Szczepienia. Tłumy w kolejce w Szpitalu Narodowym. "Jedni wchodzą na drugich"
Tłumy w kolejce do szczepień w Szpitalu Narodowym w Warszawie. Teraz na swoją kolej trzeba czekać nawet kilkadziesiąt minut. - Ludzie przychodzą nie na swoją godzinę. Potem nie przestrzegają dystansu, tłoczą się, nie słuchają poleceń stewardów. Wchodzą jedna osoba na drugą. Jakby to była kolejka w mięsnym - komentuje dla WP dr n. med. Artur Zaczyński, koordynator Szpitala Narodowego z CSK MSWiA.
Pierwszy sygnał o problemach w punkcie szczepień w Szpitalu Narodowym dostaliśmy od naszej czytelniczki. - Strasznie długo się stoi, jestem od 40 minut i widać, że dopiero połowa osób weszła do środka - mówi czytelniczka WP. - Biedni, schorowani i starsi ludzie muszą stać z godzinę i dodatkowo nie mają gdzie usiąść. Nie szczepi się terminami, ale miejscem w kolejce - dodaje.
Szpital Narodowy potwierdza, że we wtorek rano doszło do większej niż zwykle kolejki do szczepień. Pojawiły się doniesienia, że nagle dopisano do szczepienia ponad tysiąc osób. - Tu nie doszło do magicznego dopisania w zeszycie, tylko zwiększyliśmy pulę szczepień z dwóch do trzech tysięcy szczepień dziennie.

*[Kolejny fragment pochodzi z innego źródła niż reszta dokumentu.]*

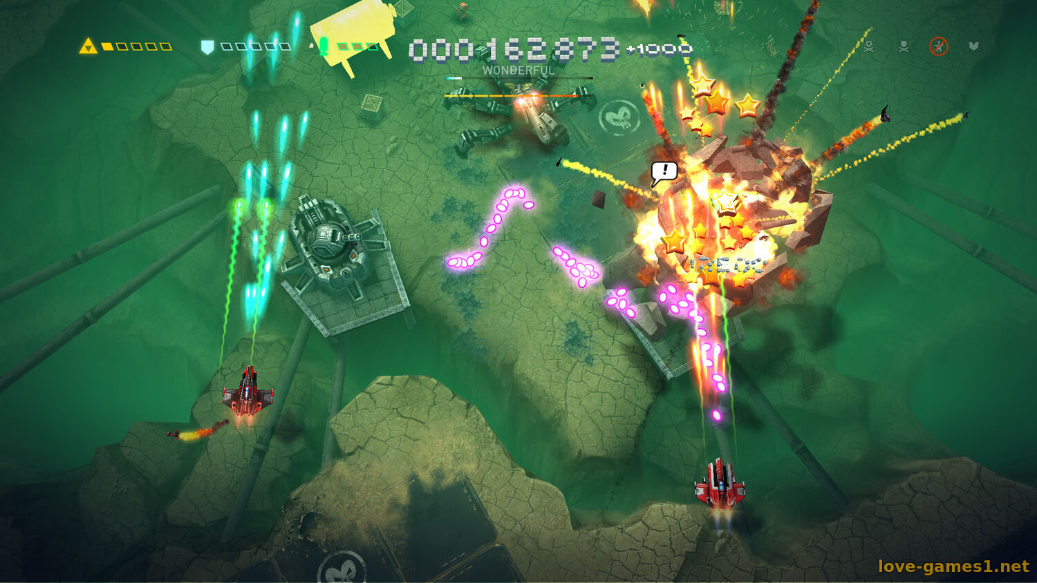 Поднимите уровень развлечения до небывалой высоты, пригласив друзей играть в локальном кооперативном режиме! Ищите самолеты, подходящие вам обоим, и вступайте в бой с самыми суровыми боссами, с которыми страшновато сражаться в одиночку.
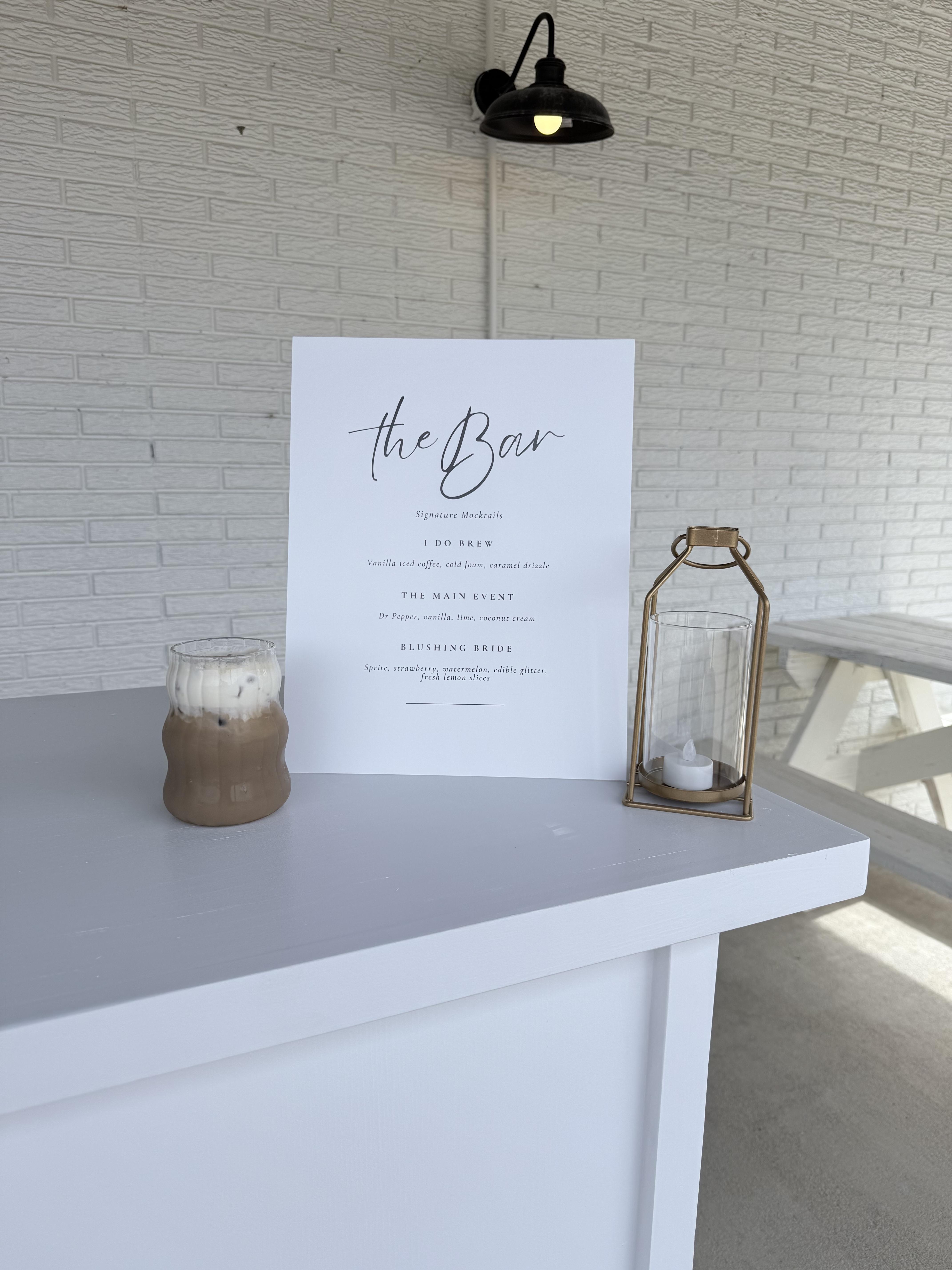 An elevated shower experience featuring glam details and custom drinks designed to match your bridal theme. A perfect addition to brunch, backyard showers, or venue celebrations.

Wszystko odbywa się zgodnie z procedurami, a związane jest ze zwiększonymi dostawami preparatów - tłumaczy w rozmowie z WP Iwona Sołtys, rzeczniczka prasowa Szpitala Narodowego.
- W godzinach rannych przyjechała dość duża grupa na szczepienie. Ale mniej więcej o 2 do 3 godzin za wcześnie. Nie za bardzo chcieli reagować na zwracanie im uwagi przez pracowników szpitala. Pojawiły się postawy roszczeniowe, wulgaryzmy. To dla nas przykra sprawa, ale związana z tym, że każdy chce jak najszybciej się zaszczepić. Nadal chyba pokutuje ta "zasada", że jak przyjdę wcześniej, to szybciej coś dostanę - dodała Sołtys.
Tłumy na Narodowym. "Szczepimy 4 osoby na minutę"
W ostrych słowach wtorkową sytuację skomentował koordynator Szpitala Narodowego. -  Ludzie nie przestrzegają dystansu, tłoczą się, nie słuchają poleceń stewardów. Wchodzą jedna osoba na drugą. Jakby to była kolejka w mięsnym. Ludzie przychodzą nie na swoją godzinę. Przykładowo, mają szczepienie umówione na 12:00, a przychodzą na 8:00 - mówi nam dr n. med. Artur Zaczyński
- Robią się zatory, żeby te zatory udrożnić, część ludzi przepuszczamy. Ale niestety, ludzie napierają, jakby bali się, że dla nich szczepionki zabraknie. A przecież każdy szczepionkę otrzyma. Szczepimy 4 osoby na minutę - dodaje lekarz.
Zaczyński wskazuje, że placówka ma "na składzie" 2000 osób. - Od jutra rana system przyjmowania pacjentów będzie poprawiony. Bo niewielu ludzi dziś respektuje zasady. A to nie jest wejście na mecz - zaznacza koordynator Szpitala Narodowego.